Support for Materialised Query Rewrite in Apache Pinot using MV Tables and Calcite
Currently, Apache Pinot supports star-tree indexes for pre-aggregation, but sometimes creating star-trees for wide-column tables is not effective due to excessive disk space consumption. To address this, introduce support for Materialised Views (MV) in Pinot:
MV Creation: Allow materialised view tables to be created externally (e.g., in Hive) and ingested into Pinot as MV tables. Metadata Mapping: Maintain metadata linking MV tables to the main table, including the original query used for MV creation. Query Rewrite: Integrate Calcite-based query rewriting to automatically select the most cost-effective MV table when serving queries. Further Optimisation: Enable star-tree indexes on MV tables for frequently accessed aggregations. Since MV tables are smaller, star-trees will consume less space, improving performance. Goal: Achieve multi-level aggregation and efficient real-time analytics for wide-column tables without prohibitive storage costs.
Pros
- Significant performance boost for ad-hoc queries and complex aggregations.
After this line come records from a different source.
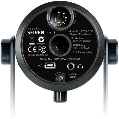 Razer Seirēn Pro offre inoltre agli streamer la possibilità di registrare tramite connessione analogica bilanciata XLR o USB digitale. Il cavo XLR consente di collegare il microfono direttamente a telecamere o console di mixaggio, permettendo agli utenti di connettere molteplici strumenti alla console e beneficiare di maggiore flessibilità in caso di regolazioni al volo durante le sessioni live.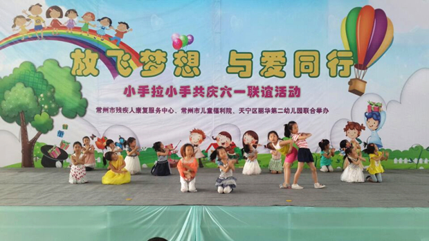 “六一国际儿童节”是所有孩子们的节日,为了让康复中心和福利院的孩子们过一个快乐而有意义的儿童节。常州市残联康复服务中心、常州儿童福利院和天宁区丽华第二幼儿园联合举办“放飞梦想,与爱同行”——小手拉小手共庆联谊活动。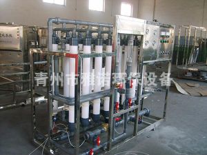 為了更好地保護反滲透設備,延長設備的壽命,提前處理原水,用活性炭和石英砂過濾去除大粒子雜質,用離子交換樹脂軟化去除水中的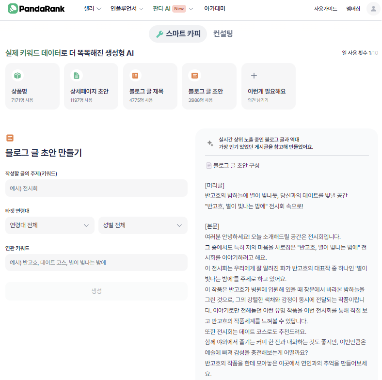 키워드를 찾았지만 전체적인 글에 대한 아이디어가 없을 때 "스마트 카피" 서비스를 통해 AI로 블로그 글 제목과 초안을 자동으로 만들어 볼 수 있습니다.

- Reduced disk space usage compared to star-trees on wide-column tables.
- Flexible design leveraging existing MV creation tools like Hive.
Cons
- Users must refresh MV tables when underlying data changes.
- Best suited for offline tables rather than real-time ingestion scenarios.
I have implemented this internally in my $dayjob to support the same and advantage we get is very high and able to serve adhoc queries on tables with 100s of columns(some are high cardinality columns) and multiple 100s of billions of rows and able to meet our SLAs of 1 min without this it will be hours.
Great proposal! Supporting materialized view would be an awesome optimization.
As a side question, Pinot supports star-tree index on a subset of columns, and star-tree index itself is a partial materialized view. Do you observe excessive disk space consumption when only subset of columns are included?
@Jackie-Jiang Thank you.
Till some extent we are able to use star tree index with around 30 columns whose cardinality is around 100s. Since our requirement is adhoc query analysis we cannot make a star tree which fits most of the cases mainly when we have high cardinality columns(20000+). Where as our MVs serves 95% adhoc queries.